The fmeffects package computes, aggregates, and visualizes forward marginal effects (FMEs) for any supervised machine learning model. To learn about FMEs, look here how they are computed or read the methods paper for a more in-depth understanding. Our website is the best way to find all available resources.

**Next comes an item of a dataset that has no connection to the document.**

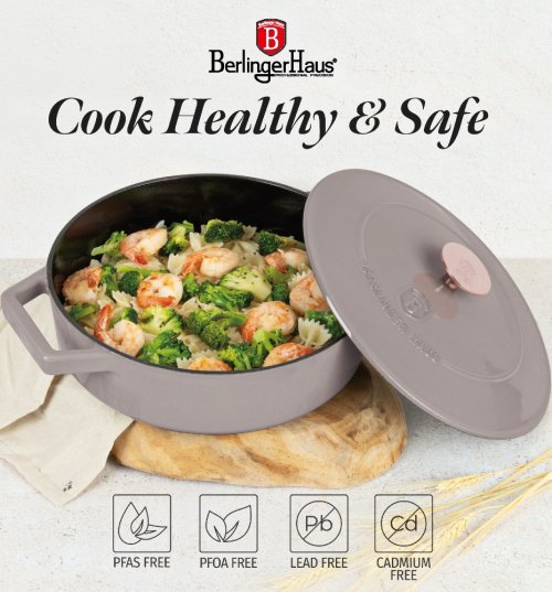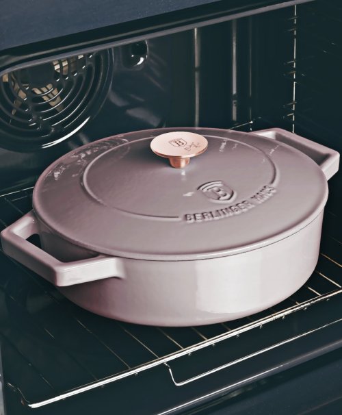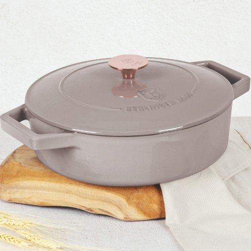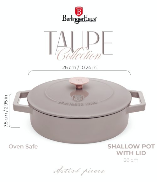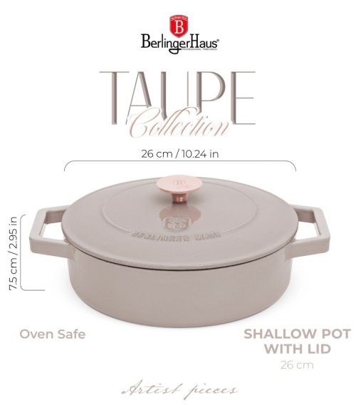Liatinový kastról s 2-vrstvovým ENAMEL povrchom. Priemer 26 cm, výška 7,5 cm. Obsah 2,57 litra. Farba Taupe.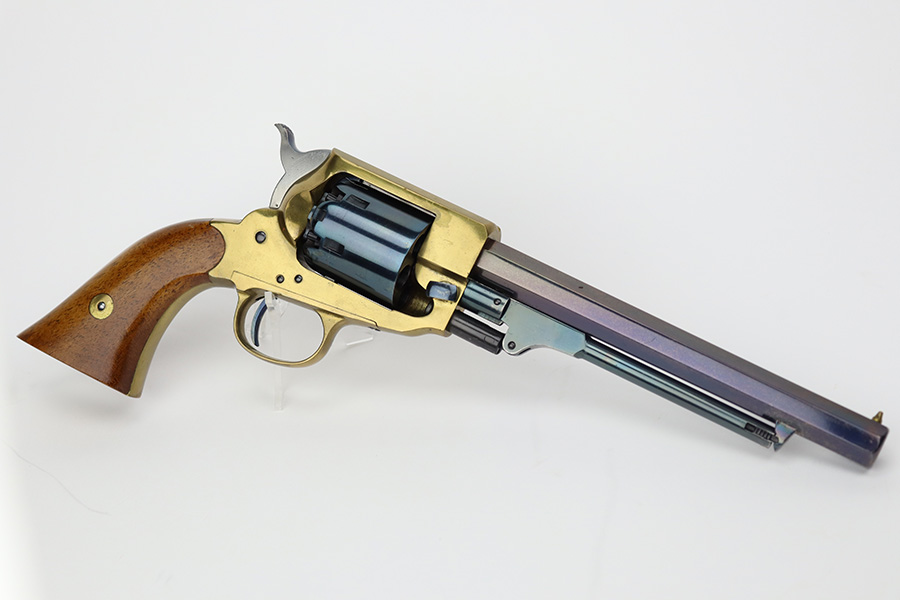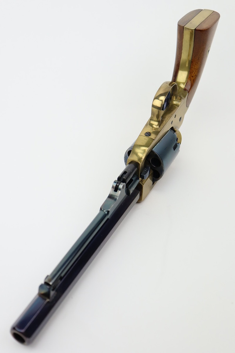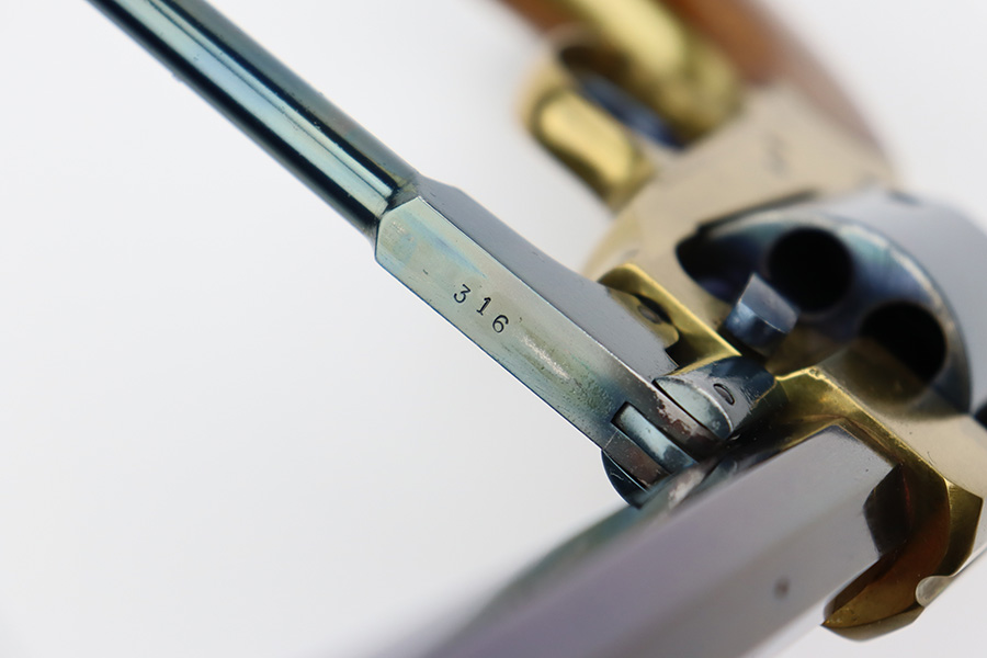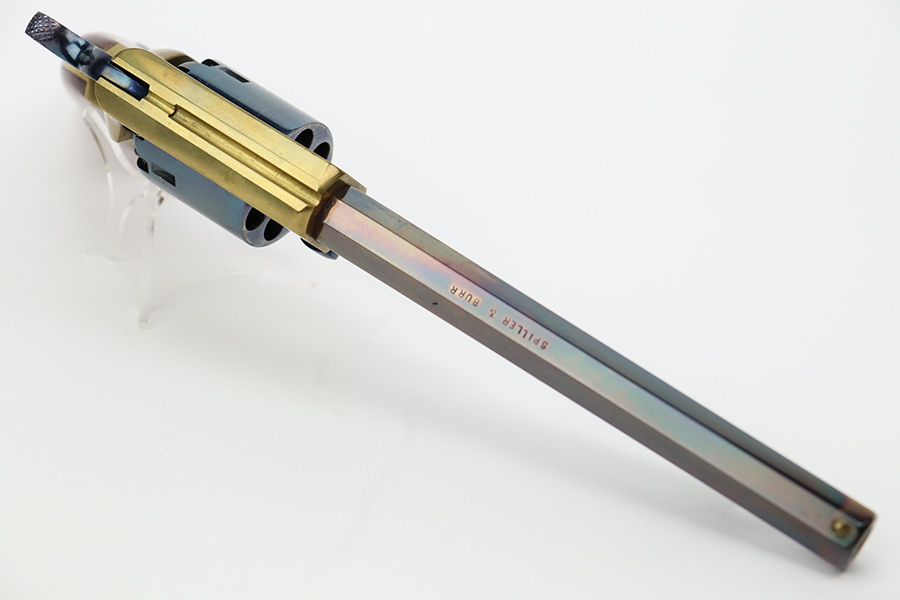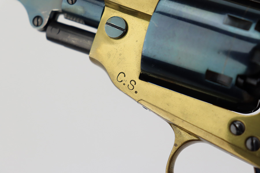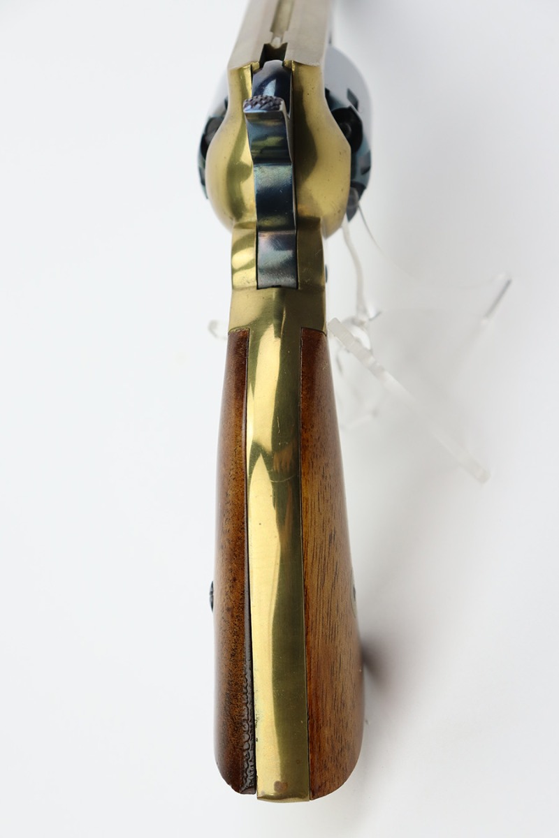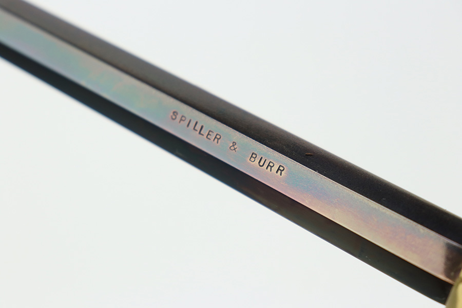 10/26/23 – This is a high quality Spiller & Burr replica single action army revolver from the civil war era. Excellent condition with some light handling wear and thinning to the finish on the cylinder and barrel, we rate around 95% overall. Smooth action, excellent timing and lockup. Brass frame and nice walnut wood grips. The frame is stamped “CS” to replicate the look of a Confederate States revolver. Maker stamped on the top of the cylinder. Matching numbered 316 on the plunger, wedge, and underside of the barrel. Very nice, shiny bore with strong rifling. .36 caliber cap & ball percussion. 6.5 inch barrel. No FFL required.

There are three main functions:

  • fme() computes FMEs for a given model, data, feature of interest, and step size
  • came() can be applied subsequently to find subspaces of the feature space where FMEs are more homogeneous
  • ame() provides an overview of the prediction function w.r.t. each feature by using average marginal effects (AMEs) based on FMEs.

Example

For demonstration purposes, we consider usage data from the Capital Bike Sharing scheme (Fanaee-T and Gama, 2014). It contains information about bike sharing usage in Washington, D.C. for the years 2011-2012 during the period from 7 to 8 a.m. We are interested in predicting count (the total number of bikes lent out to users).

library(fmeffects)
data(bikes, package = "fmeffects")
str(bikes)
## Classes 'data.table' and 'data.frame':   727 obs. of  11 variables:
##  $ season    : Factor w/ 4 levels "fall","spring",..: 2 2 2 2 2 2 2 2 2 2 ...
##  $ year      : Factor w/ 2 levels "0","1": 1 1 1 1 1 1 1 1 1 1 ...
##  $ month     : num  1 1 1 1 1 1 1 1 1 1 ...
##  $ holiday   : Factor w/ 2 levels "True","False": 2 2 2 2 2 2 2 2 2 2 ...
##  $ weekday   : Factor w/ 7 levels "Sun","Mon","Tue",..: 7 1 2 3 4 5 6 7 1 2 ...
##  $ workingday: Factor w/ 2 levels "True","False": 2 2 1 1 1 1 1 2 2 1 ...
##  $ weather   : Factor w/ 3 levels "clear","misty",..: 1 2 1 1 1 2 1 2 1 1 ...
##  $ temp      : num  8.2 16.4 5.74 4.92 7.38 6.56 8.2 6.56 3.28 4.92 ...
##  $ humidity  : num  0.86 0.76 0.5 0.74 0.43 0.59 0.69 0.74 0.53 0.5 ...
##  $ windspeed : num  0 13 13 9 13 ...
##  $ count     : num  3 1 64 94 88 95 84 9 6 77 ...
##  - attr(*, ".internal.selfref")=<externalptr>

FMEs are a model-agnostic interpretation method, i.e., they can be applied to any regression or (binary) classification model. Before we can compute FMEs, we need a trained model. In addition to generic glm models, the fme package supports 100+ models from the mlr3, tidymodels (parsnip) and caret libraries. Let’s try it with a random forest using the ranger algorithm:

set.seed(123)
library(mlr3verse)
library(ranger)
task = as_task_regr(x = bikes, id = "bikes", target = "count")
forest = lrn("regr.ranger")$train(task)

Compute FMEs

FMEs can be used to compute feature effects for both numerical and categorical features. This can be done with the fme() function.

Numerical Features

The most common application is to compute the FME for a single numerical feature, i.e., a univariate feature effect. The variable of interest must be specified with the feature argument. In this case, step.size can be any number deemed most useful for the purpose of interpretation. Most of the time, this will be a unit change, e.g., step.size = 1. As the concept of numerical FMEs extends to multivariate feature effects as well, fme() can be asked to compute a bivariate feature effect as well. In this case, feature needs to be supplied with the names of two numerical features, and step.size requires a vector, e.g., step.size = c(1, 1).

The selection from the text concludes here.